Given the above, this report works around two hypotheses. The first assumption considers that both Smithson’s and Bo’s curatorial methods develop a unique spatial scheme based on its relational capacity, informed by Aby Warburg’s non-linear approach. The second hypothesis infers that because of Smithson’s and Bo’s own intersectionality as female architects within the post-war context, both of their critical views were somehow overlooked and exiled from architectural history. 


Therefore, this investigation raises questions that relate with the theorization of design, the production of space and the relevance of author-self. In terms of design principles, the main inquiry is how does art history’s non-linear approach inform architecture? Then to fully understand its impact on space I will work with two questions: what kind of programme does the non-linear approach impart upon the exhibited and the space? And what does this programme mean in architectural terms? To review the importance of considering both architects singular views on curatorial practices, I ask why were they left out? And how is their revalorization relevant now? With all these inquiries I am opening to discussion alternative methods that critically review contemporary issues of the built environment. 

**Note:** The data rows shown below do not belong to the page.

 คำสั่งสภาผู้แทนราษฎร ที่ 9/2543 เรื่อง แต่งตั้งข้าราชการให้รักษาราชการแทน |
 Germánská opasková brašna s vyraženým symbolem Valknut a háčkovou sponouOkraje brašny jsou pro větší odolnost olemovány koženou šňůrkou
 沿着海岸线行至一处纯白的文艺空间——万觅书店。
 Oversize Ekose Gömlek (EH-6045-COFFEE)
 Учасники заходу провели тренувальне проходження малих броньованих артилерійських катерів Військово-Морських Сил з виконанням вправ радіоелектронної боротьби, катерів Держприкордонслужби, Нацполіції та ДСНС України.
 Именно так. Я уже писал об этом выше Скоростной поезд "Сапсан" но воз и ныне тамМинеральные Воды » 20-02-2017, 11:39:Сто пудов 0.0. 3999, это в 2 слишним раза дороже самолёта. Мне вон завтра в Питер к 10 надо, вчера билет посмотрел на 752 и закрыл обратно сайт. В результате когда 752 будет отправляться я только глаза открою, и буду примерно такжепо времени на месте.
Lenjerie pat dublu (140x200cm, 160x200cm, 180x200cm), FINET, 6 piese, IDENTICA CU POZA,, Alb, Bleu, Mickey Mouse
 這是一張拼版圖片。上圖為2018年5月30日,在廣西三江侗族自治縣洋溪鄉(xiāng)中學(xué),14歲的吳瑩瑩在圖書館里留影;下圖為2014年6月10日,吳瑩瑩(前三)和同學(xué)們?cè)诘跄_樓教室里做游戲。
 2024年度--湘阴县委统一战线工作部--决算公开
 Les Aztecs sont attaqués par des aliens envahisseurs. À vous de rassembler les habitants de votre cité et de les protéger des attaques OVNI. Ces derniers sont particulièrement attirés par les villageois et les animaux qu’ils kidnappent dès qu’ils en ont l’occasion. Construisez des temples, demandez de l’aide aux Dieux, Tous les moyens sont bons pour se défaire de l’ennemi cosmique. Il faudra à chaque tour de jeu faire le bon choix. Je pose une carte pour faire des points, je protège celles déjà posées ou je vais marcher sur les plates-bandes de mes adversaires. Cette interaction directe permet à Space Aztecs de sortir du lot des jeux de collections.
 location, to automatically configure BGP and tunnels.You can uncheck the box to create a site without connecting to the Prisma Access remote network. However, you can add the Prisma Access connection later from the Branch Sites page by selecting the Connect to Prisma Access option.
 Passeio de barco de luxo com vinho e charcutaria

Hence, why is this relevant now? I have three main objectives that I aim to achieve with this dissertation, all of them are embedded in contemporary discussions. The first one is placed within the ongoing discussion about the commodification of architecture and the kind of relationships it promotes. Therefore, the core objective of this report is to analyse and consider how the application of non-linear time approaches enable the formulation of healthier and inclusive relations in the built environment. Complementary to the former, I aim to contribute with a critical review of what do visual aesthetics mean for culture and contemporary society. Lastly, my purpose in re-tracing overlooked singular theories aims to bring back diversity and subjectivity as part of the formulation of the built environment. As well as to challenge authorship as a modern product by re-thinking the impact of personal contributions informed by feminist theories.[3]

Following the hybridity of the hypotheses and research questions, I will employ a combined methodology to unpack this investigation. On the hand I will use an iconological approach to investigate the meaning of the spatial relations produced by non-linear curatorial practices. Consequently, to broaden the scope after having identified some connections among theories, I will use a study case methodology focalising in the curatorial practices of Alison Smithson and Lina Bo, framed in the post-war context. Considering that this investigation is focalising in analysing theoretical and spatial production from the perspective of the creator persona. This report will not contemplate the use ethnographic resources or interviews because they relate more with the user perspective.


The structure of this thesis is consciously organised based on thematic associations and not chronologically.  Every chapter is organised in sections, being the first section always a contextual analysis of the main subject of the unit. The first chapter presents the origins of modern linear time to introduce the non-linear time critique. After which I review modern architecture exhibitions based in their conceptions of time and design display. The second chapter starts by identifying Aby Warburg’s method as a non-linear curatorial approach based on a scheme of relations. The second part of this unit follows common points between Warburg’s model and Alison Smithson’s and Lina Bo’s post-war curatorial approach. In chapter three, deconstructs both study cases by establishing, curatorial approach, curatorial programme, and it’s the meaning. The last chapter reflects on the relevance of singular contributions, informed by feminist theories of non-linear time. 

[1] Jane Hall, ‘Spaces of Transcultural Resistance: Alterity in the Design Practices of Lina Bo Bardi and Alison and Peter Smithson’ (PhD diss., The Royal College of Art, 2018). 

[2] Penelope Curtis and Dirk van den Heuvel, Art on Display 1949 -69 (Calouste Gulbenkian Museum, 2019).